We estimate the fair value of our stock option awards at the date of grant utilizing a Black-Scholes option pricing model.   We estimate the fair value of our market-based restricted stock units at the date of grant utilizing average market price of our stock on the date of the related award.
Option-pricing models and generally accepted valuation techniques require management to make subjective assumptions and to apply judgment to determine the fair value of our awards. These assumptions and judgments include estimating the future volatility of our stock price, expected dividend yield, future employee turnover rates and future employee stock option exercise behaviors. In addition to the key assumptions used to estimate the fair value, the estimated forfeiture rate of the awarded options is a critical assumption, as it reduces expense ratably over the vesting period.  Changes in these assumptions can materially affect the fair value estimate and the amount of share-based compensation recognized.
While we update our assumptions annually, we do not believe there is a reasonable likelihood that there will be a material change in the future estimates or assumptions we use to determine share-based compensation expense. However, if actual results are not consistent with our estimates or assumptions, we may be exposed to changes in share-based compensation expense that could be material.  The reported share-based compensation expense may not be representative of the actual economic cost of the share-based compensation.
A 10% change in our share-based compensation expense for the year ended December 25, 2010, would have affected net income by approximately $750,000.
     
 
     
Description  Judgments and Uncertainties Effect if Actual Results Differ From Assumptions
     
Self-Insurance Reserves:
   
We self-insure a significant portion of our employee medical insurance, workers' compensation and general liability insurance plans.  We have stop-loss insurance policies to protect from individual losses over specified dollar values.
When estimating our self-insured liabilities, we consider a number of factors, including historical claims experience, demographic factors and severity factors.
The full extent of certain claims, especially workers' compensation and general liability claims, may not become fully determined for several years.
Our self-insured liabilities contain uncertainties because management is required to make assumptions and to apply judgment to estimate the ultimate cost to settle reported claims and claims incurred but not reported as of the balance sheet date.
We have not made any material changes in the accounting methodology used to establish our self-insurance reserves in the financial periods presented.
We do not believe there is a reasonable likelihood that there will be a material change in the assumptions we use to calculate insurance reserves.  However, if we experience a significant increase in the number of claims or the cost associated with these claims, we may be exposed to losses that could be material.
A 10% change in our self-insurance reserves at December 25, 2010, would have affected net income by approximately $1.8 million in fiscal 2010.
 
     
Sales Tax Audit Reserve:
   
A portion of our sales are to tax-exempt customers.  We obtain exemption information as a necessary part of each tax-exempt transaction.  Many of the states in which we conduct business will perform audits to verify our compliance with applicable sales tax laws.  The business activities of our customers and the intended use of the unique products sold by us create a challenging and complex compliance environment.  These circumstances also create some risk that we could be challenged as to the propriety of our sales tax compliance.
While we believe we reasonably enforce sales tax compliance with our customers and endeavor to fully comply with all applicable sales tax regulations, there can be no assurance that we, upon final completion of such audits, would not have a significant liability for disallowed exemptions.
We review our past audit experience and assessments with applicable states to determine if we have potential exposure for non-compliance.  Any estimated liability is based on an initial assessment of compliance risk and our to-date experience with each audit. As each audit progresses, we quantify the exposure based on preliminary assessments made by the state auditors, adjusted for additional documentation that may be provided to reduce the assessment.

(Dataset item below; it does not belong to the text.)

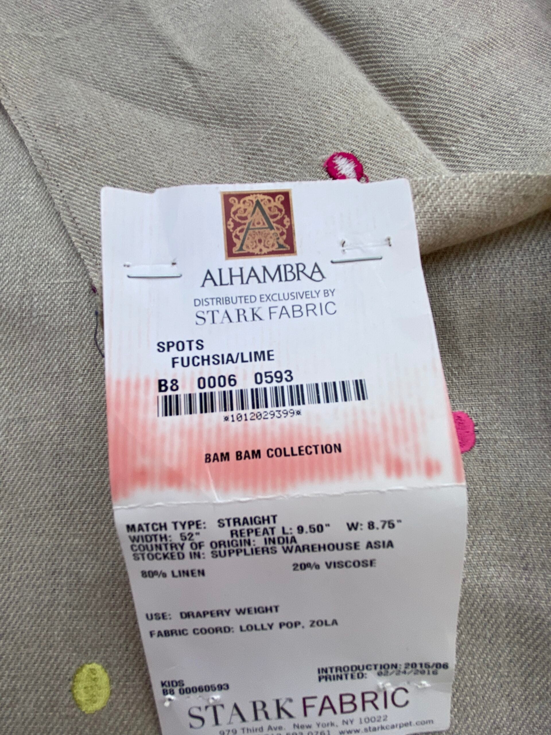 11 Berkbox75 Square Embroidery by Alhambra Spots Fuschia Lime MSRP USD Small Scale Kids Nursery 1.2yd x 26" MSRP USD 300+/Y

Our sales tax audit reserve contains uncertainties because management is required to make assumptions and to apply judgment regarding the regulatory support for the complexity of agricultural-based exemptions, the ambiguity in state tax regulations, the number of ongoing audits, and the length of time required to settle with the state taxing authorities.
We have not made any material changes in the methodology used to establish the sales tax audit reserve in the financial periods presented.
We do not believe there is a reasonable likelihood that there will be a material change in the future estimates or assumptions we use to calculate the sales tax liability reserve for current audits.  However, if our estimates regarding the ultimate sales tax liability are inaccurate, we may be exposed to losses or gains that could be material.
A 10% change in our sales tax liability reserve at December 25, 2010, would have affected net income by approximately $470,000 in fiscal 2010.
     
Tax Contingencies:
   
Our income tax returns are periodically audited by U.S. federal and state tax authorities. These audits include questions regarding our tax filing positions, including the timing and amount of deductions and the allocation of income among various tax jurisdictions. At any time, multiple tax years are subject to audit by the various tax authorities. In evaluating the exposures associated with our various tax filing positions, we record reserves for probable exposures. A number of years may elapse before a particular matter, for which we have established a reserve, is audited and fully resolved or clarified. We adjust our tax contingencies reserve and income tax provision in the period in which actual results of a settlement with tax authorities differs from our established reserve, the statute of limitations expires for the relevant tax authority to examine the tax position or when more information becomes available.
 
We recognize a liability for certain tax benefits that do not meet the minimum requirements for recognition in the financial statements.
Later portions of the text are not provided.